Required action
Everything in the records except the pictures needs to be printed again exactly.

Records for this exercise
--- --- ---

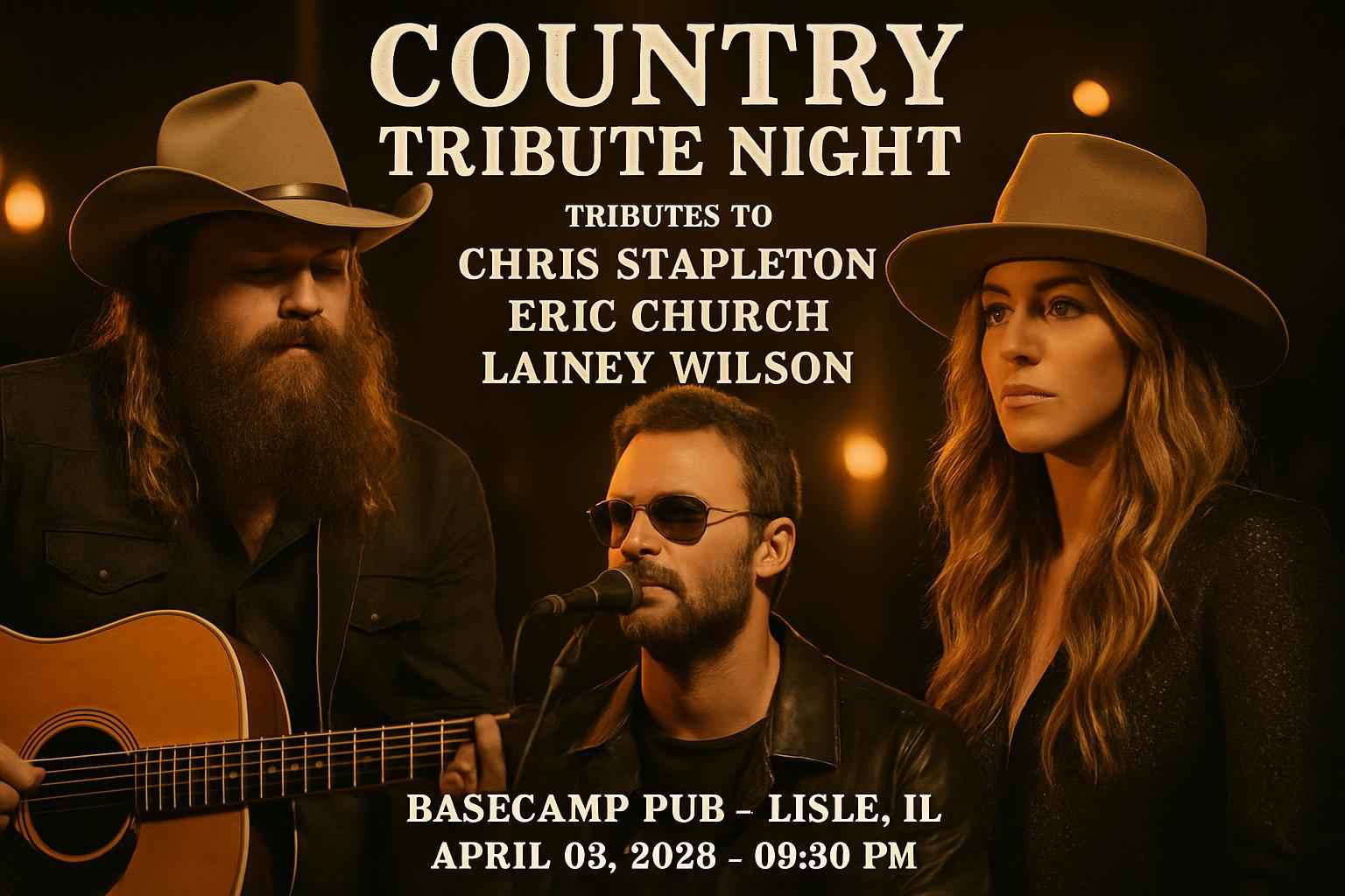 Experience live tribute performances honoring Chris Stapleton Eric Church and Lainey Wilson at Basecamp Pub in Lisle IL for one night only.
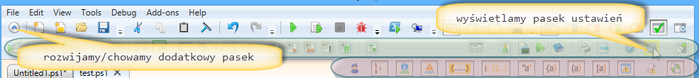 Już one wystarczą by zauważyć, jak dużym “dopalaczem” nasze “sterydy” są. Jeśli brakuje nam kontrolek, możemy od razu włączyć “secondary toolbar” (na rysunku: zielony) – zyskamy kilka dodatkowych, w tym tę, która pozwala włączyć ostatni zestaw narzędzi “settings toolbar” (na rysunku: różowy). Ten ostatni skonfigurowany jest by automatycznie się ukrywać, gdy użytkownik przestaje z niego korzystać.
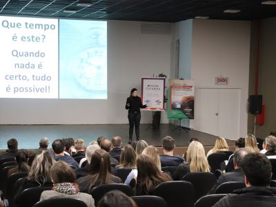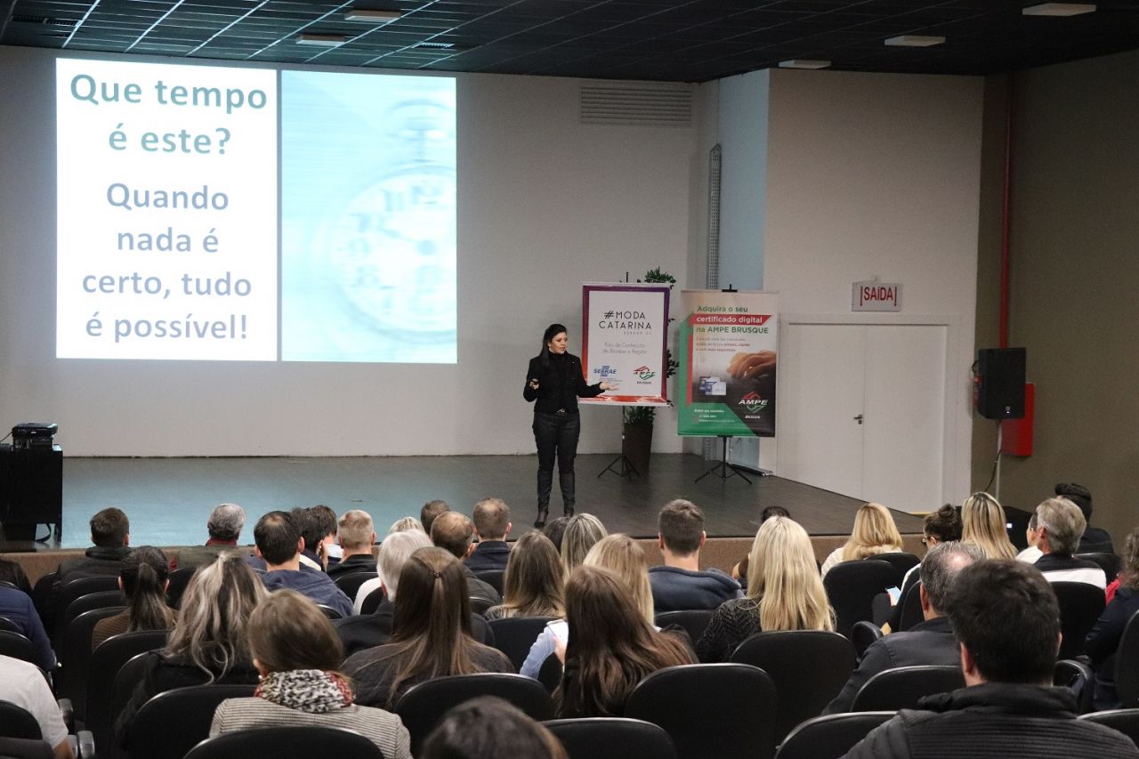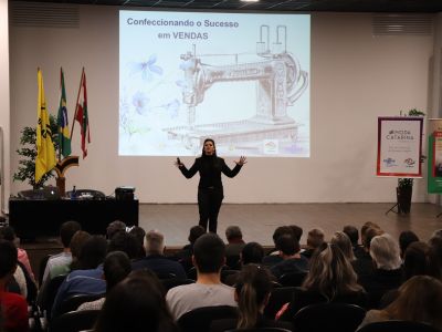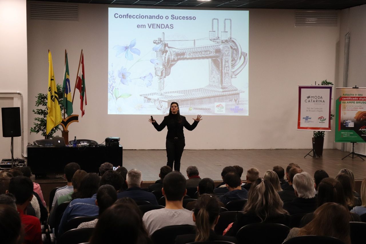 Cerca de 150 participantes estiveram no auditório da Uniasselvi Brusque para acompanhar a palestra ‘Confeccionando o Sucesso em Vendas’, que teve o objetivo de oportunizar um treinamento aos associados da AmpeBr que estarão comercializando seus produtos, durante a 46ª Pronegócio Alto Verão, a ser realizada de 6 a 10 de agosto, na Sociedade Santos Dumont.
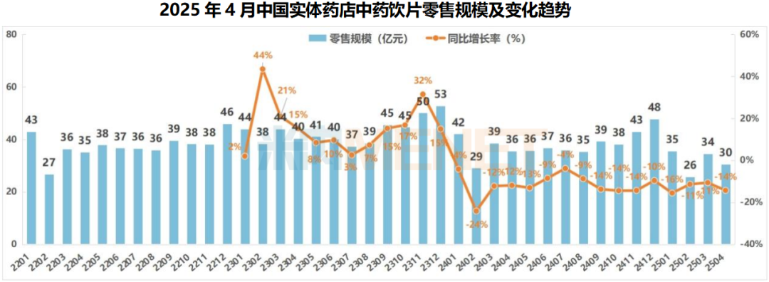 2025年4月全国实体药店中药饮片零售规模为30亿元,较3月规模减少了4亿元,低于同期6亿元。中药饮片的规模为最近三年同期最低点。
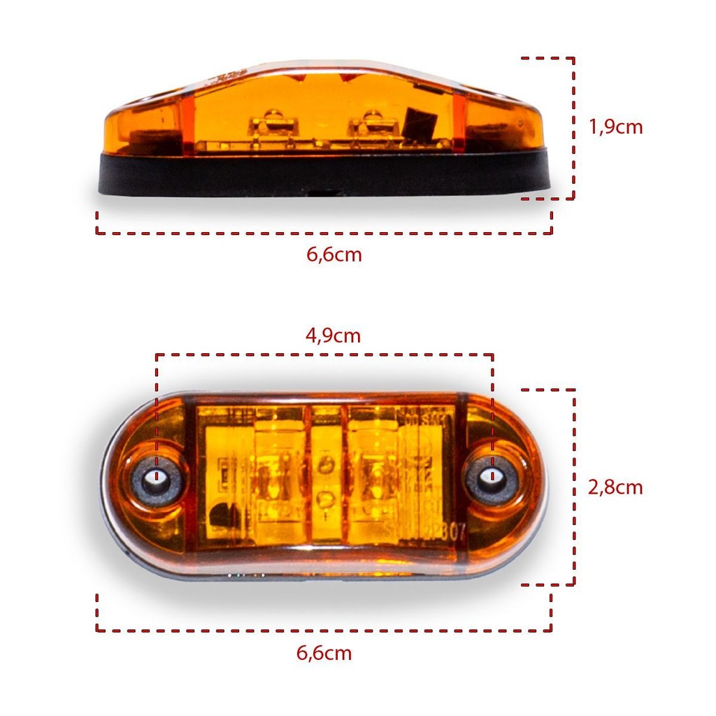 LANTERNA DELIMITADORA 2 LEDs BIVOLT 12V 24V CORES DISPONÍVEIS • Ambar • Azul • Branca • Verde • Vermelha OBS: Escolha a cor, antes de clicar em comprar ! CARACTERÍSTICAS • Dimensões do produto LxAxC: 6,6x1,9x2,8cm • Comprimento do chicote: 24cm • Distância entre furos para instalação: 4,9cm • Bivolt • Alto brilho • Alta durabilidade • Resistente a água • Distribuição uniforme da iluminação • Fácil de adaptar • Baixo consumo de energia • Aplicação: Caminhão baú, trailer, barcos, carretas, ônibus, vans etc. Tudo o que você sempre buscou em benefícios, vai encontrar no LANTERNA DELIMITADORA 2 LEDs BIVOLT! A LANTERNA DELIMITADORA 2 LEDs é feita de um material de alta qualidade que oferece maior durabilidade, tamanho compacto e acabamento impecável. Além de ser resistente a vibrações e calor, possui grau de proteção IP 65 resistente a água. Usada na lateral dianteira e parte superior do baú, tendo como principal função indicar as dimensões laterais dos veículos, tais como caminhões baú, trailer, barcos, carretas e ônibus facilitando a visibilidade à noite. A sua Lente é em PMMA anti-UV, com design ótico avançado, e a base é feita de ABS anti-UV. Seu circuito eletrônico com proteção de ligação invertido evitará que seus LEDs queimem. O produto não acompanha suporte. A LANTERNA DELIMITADORA 2 LEDs BIVOLT oferece alta qualidade, durabilidade, segurança, resistência e excelente luminosidade! ESQUEMA DE LIGAÇÃO ELÉTRICA • Fio laranja = positivo. • Fio preto = negativo (GND, TERRA). ESPECIFICAÇÕES • Encaixe: Universal • Tensão: 12 a 24V • Equivalência: 3W • Lente: PMMA anti-UV • Tipo de LED: SMD • Linha: Standart • Grau de proteção de água: IP65 • Fluxo Luminoso: 5 lúmens ITENS INCLUSOS • 4 Lanterna Delimitadora Lateral 2 Leds Bivolt
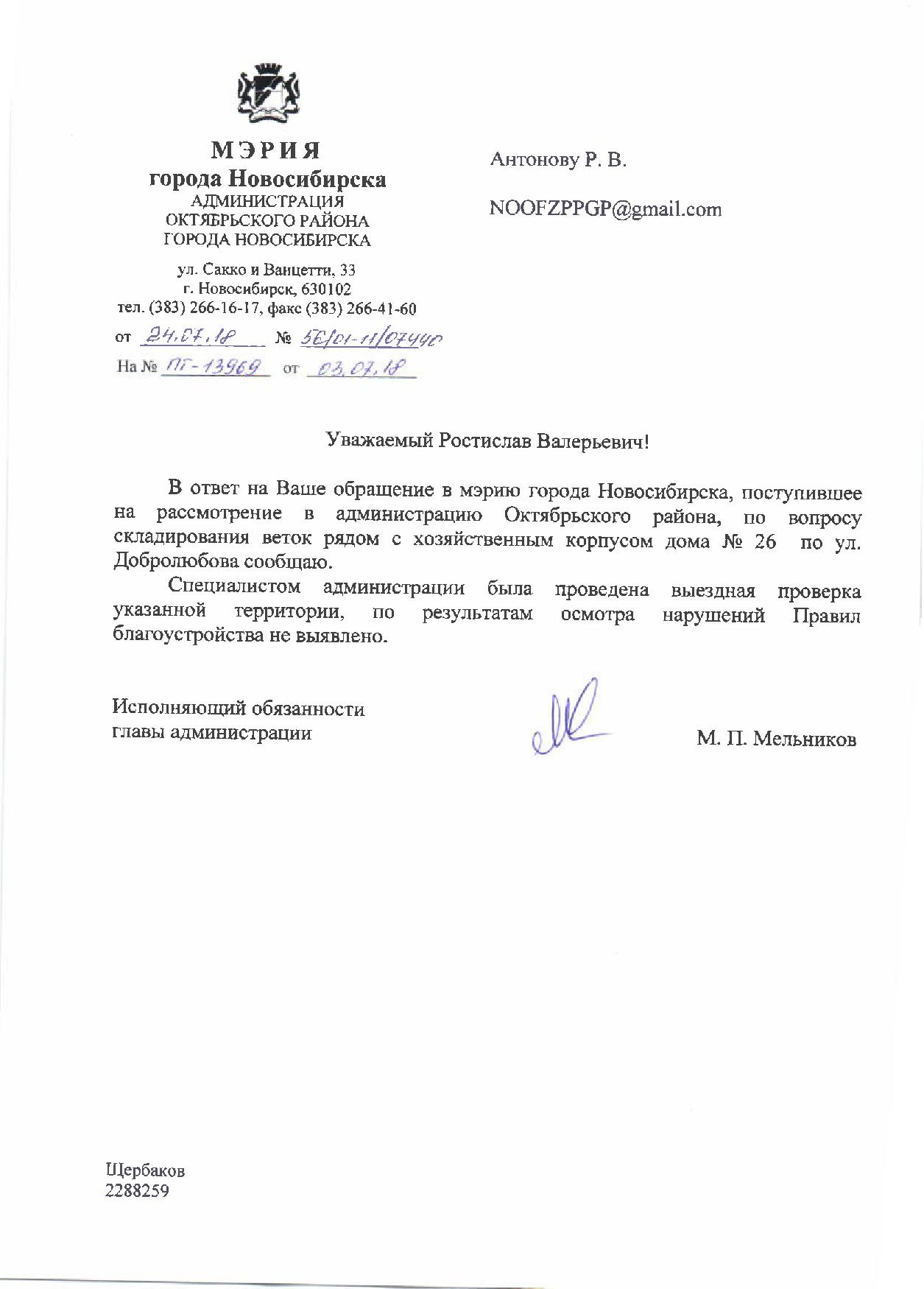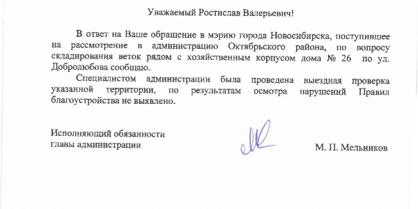 Номер жалобы:37735 Тип жалобы:Иные проблемы ЖКХ Название объекта:Управляющая Компания Регион:Новосибирская область Город:Новосибирск Адрес:ул. Добролюбова, 26 Описание жалобы:Ветки рядом с хозяйственным корпусом Статус:
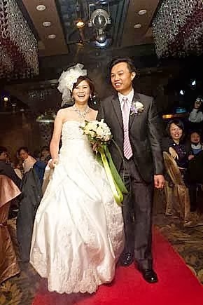 新郎新娘進場嚕,看新娘笑的比......外號"闕大嘴"老公的嘴...還大!就知道你有多開心了~
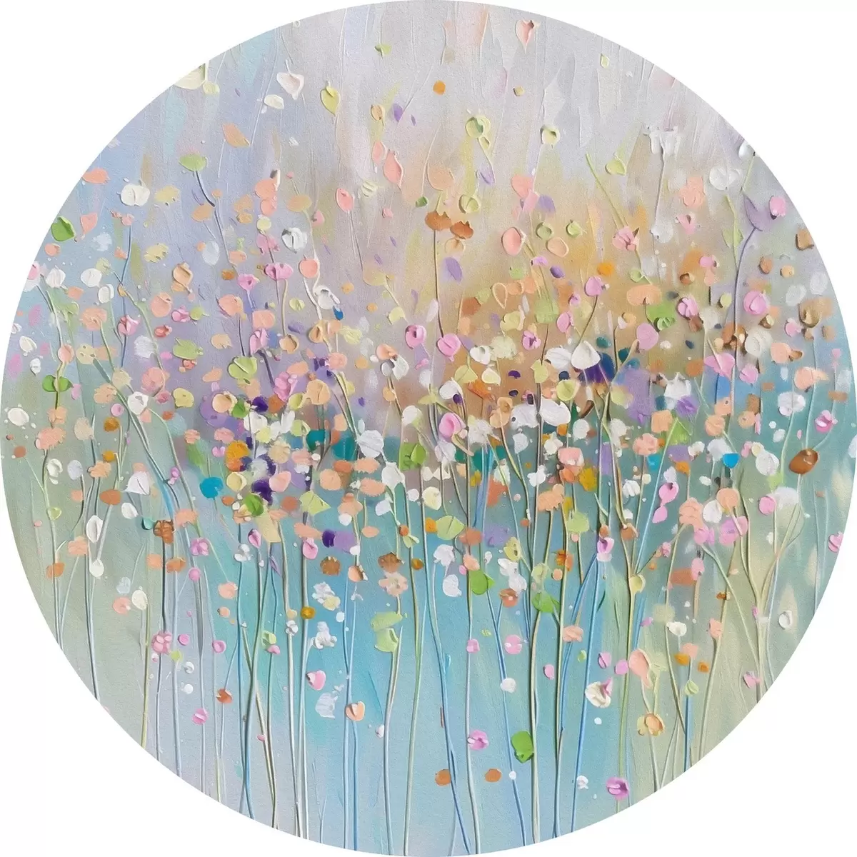 Picturi rotunde Colorat flori uscate imprimate textura Nr r38426
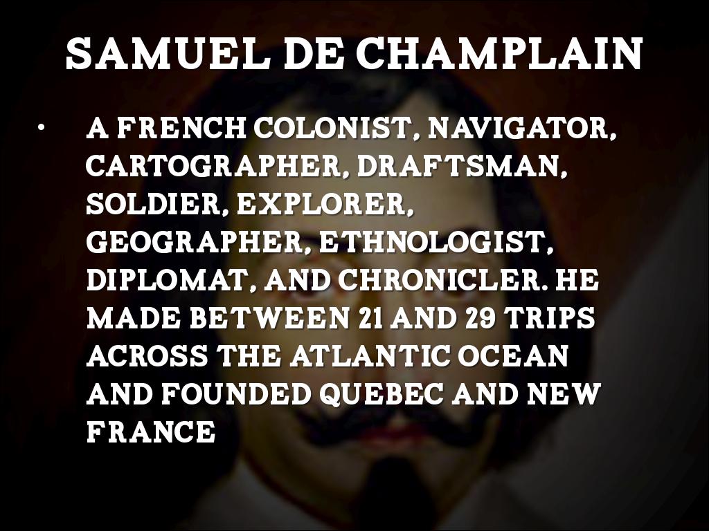 a French colonist, navigator, cartographer, draftsman, soldier, explorer, geographer, ethnologist, diplomat, and chronicler. He made between 21 and 29 trips across the Atlantic Ocean and founded Quebec and New France
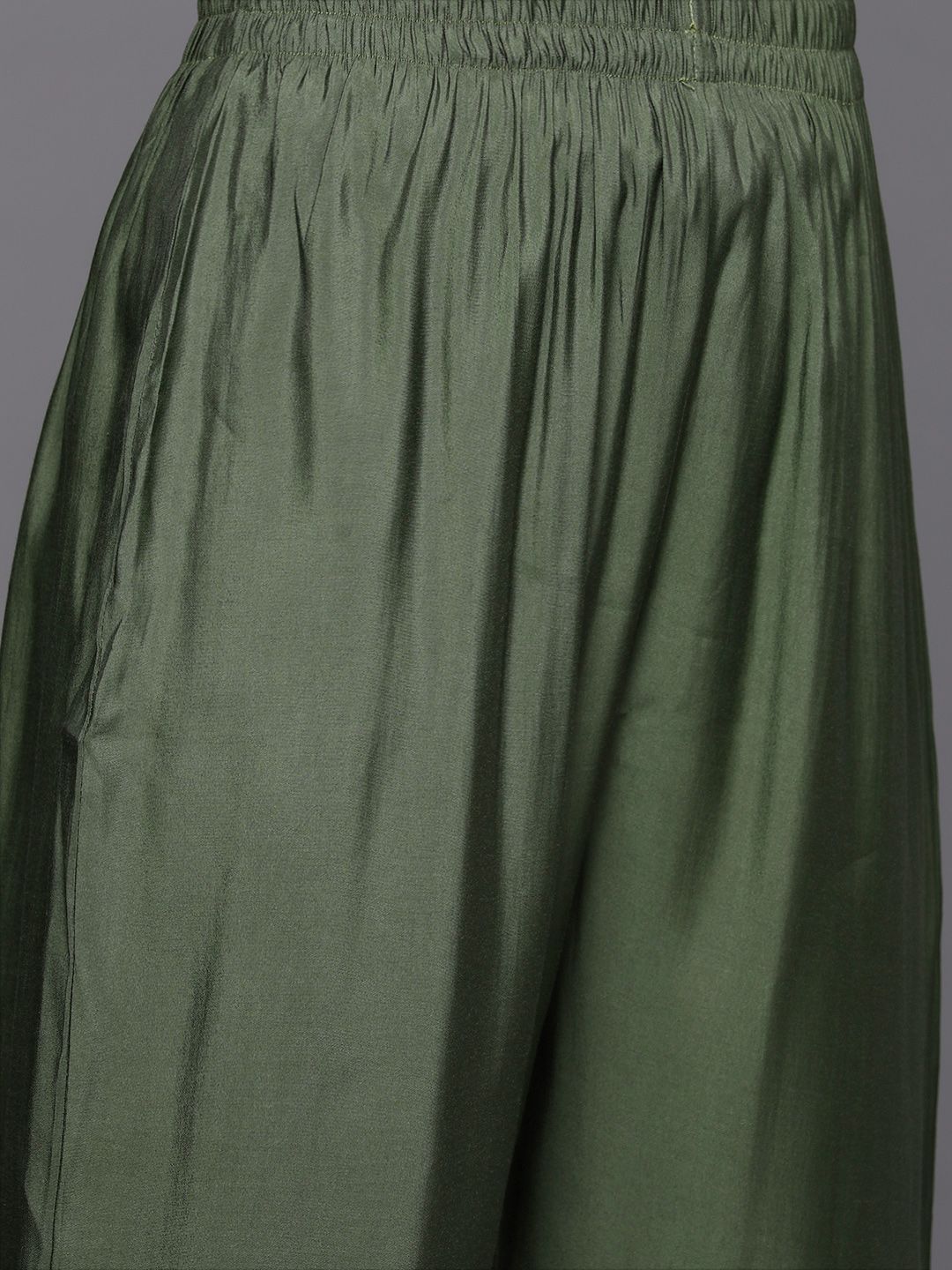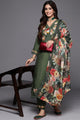 Olive green embroidered Kurta with Trousers with Organzadupatta

--- --- ---

Answer to this task
 Experience live tribute performances honoring Chris Stapleton Eric Church and Lainey Wilson at Basecamp Pub in Lisle IL for one night only.
 Już one wystarczą by zauważyć, jak dużym “dopalaczem” nasze “sterydy” są. Jeśli brakuje nam kontrolek, możemy od razu włączyć “secondary toolbar” (na rysunku: zielony) – zyskamy kilka dodatkowych, w tym tę, która pozwala włączyć ostatni zestaw narzędzi “settings toolbar” (na rysunku: różowy). Ten ostatni skonfigurowany jest by automatycznie się ukrywać, gdy użytkownik przestaje z niego korzystać.
 Cerca de 150 participantes estiveram no auditório da Uniasselvi Brusque para acompanhar a palestra ‘Confeccionando o Sucesso em Vendas’, que teve o objetivo de oportunizar um treinamento aos associados da AmpeBr que estarão comercializando seus produtos, durante a 46ª Pronegócio Alto Verão, a ser realizada de 6 a 10 de agosto, na Sociedade Santos Dumont.
 2025年4月全国实体药店中药饮片零售规模为30亿元,较3月规模减少了4亿元,低于同期6亿元。中药饮片的规模为最近三年同期最低点。
 LANTERNA DELIMITADORA 2 LEDs BIVOLT 12V 24V CORES DISPONÍVEIS • Ambar • Azul • Branca • Verde • Vermelha OBS: Escolha a cor, antes de clicar em comprar ! CARACTERÍSTICAS • Dimensões do produto LxAxC: 6,6x1,9x2,8cm • Comprimento do chicote: 24cm • Distância entre furos para instalação: 4,9cm • Bivolt • Alto brilho • Alta durabilidade • Resistente a água • Distribuição uniforme da iluminação • Fácil de adaptar • Baixo consumo de energia • Aplicação: Caminhão baú, trailer, barcos, carretas, ônibus, vans etc. Tudo o que você sempre buscou em benefícios, vai encontrar no LANTERNA DELIMITADORA 2 LEDs BIVOLT! A LANTERNA DELIMITADORA 2 LEDs é feita de um material de alta qualidade que oferece maior durabilidade, tamanho compacto e acabamento impecável. Além de ser resistente a vibrações e calor, possui grau de proteção IP 65 resistente a água. Usada na lateral dianteira e parte superior do baú, tendo como principal função indicar as dimensões laterais dos veículos, tais como caminhões baú, trailer, barcos, carretas e ônibus facilitando a visibilidade à noite. A sua Lente é em PMMA anti-UV, com design ótico avançado, e a base é feita de ABS anti-UV. Seu circuito eletrônico com proteção de ligação invertido evitará que seus LEDs queimem. O produto não acompanha suporte. A LANTERNA DELIMITADORA 2 LEDs BIVOLT oferece alta qualidade, durabilidade, segurança, resistência e excelente luminosidade! ESQUEMA DE LIGAÇÃO ELÉTRICA • Fio laranja = positivo. • Fio preto = negativo (GND, TERRA). ESPECIFICAÇÕES • Encaixe: Universal • Tensão: 12 a 24V • Equivalência: 3W • Lente: PMMA anti-UV • Tipo de LED: SMD • Linha: Standart • Grau de proteção de água: IP65 • Fluxo Luminoso: 5 lúmens ITENS INCLUSOS • 4 Lanterna Delimitadora Lateral 2 Leds Bivolt
 Номер жалобы:37735 Тип жалобы:Иные проблемы ЖКХ Название объекта:Управляющая Компания Регион:Новосибирская область Город:Новосибирск Адрес:ул. Добролюбова, 26 Описание жалобы:Ветки рядом с хозяйственным корпусом Статус:
 新郎新娘進場嚕,看新娘笑的比......外號"闕大嘴"老公的嘴...還大!就知道你有多開心了~
 Picturi rotunde Colorat flori uscate imprimate textura Nr r38426
 a French colonist, navigator, cartographer, draftsman, soldier, explorer, geographer, ethnologist, diplomat, and chronicler. He made between 21 and 29 trips across the Atlantic Ocean and founded Quebec and New France
 Olive green embroidered Kurta with Trousers with Organzadupatta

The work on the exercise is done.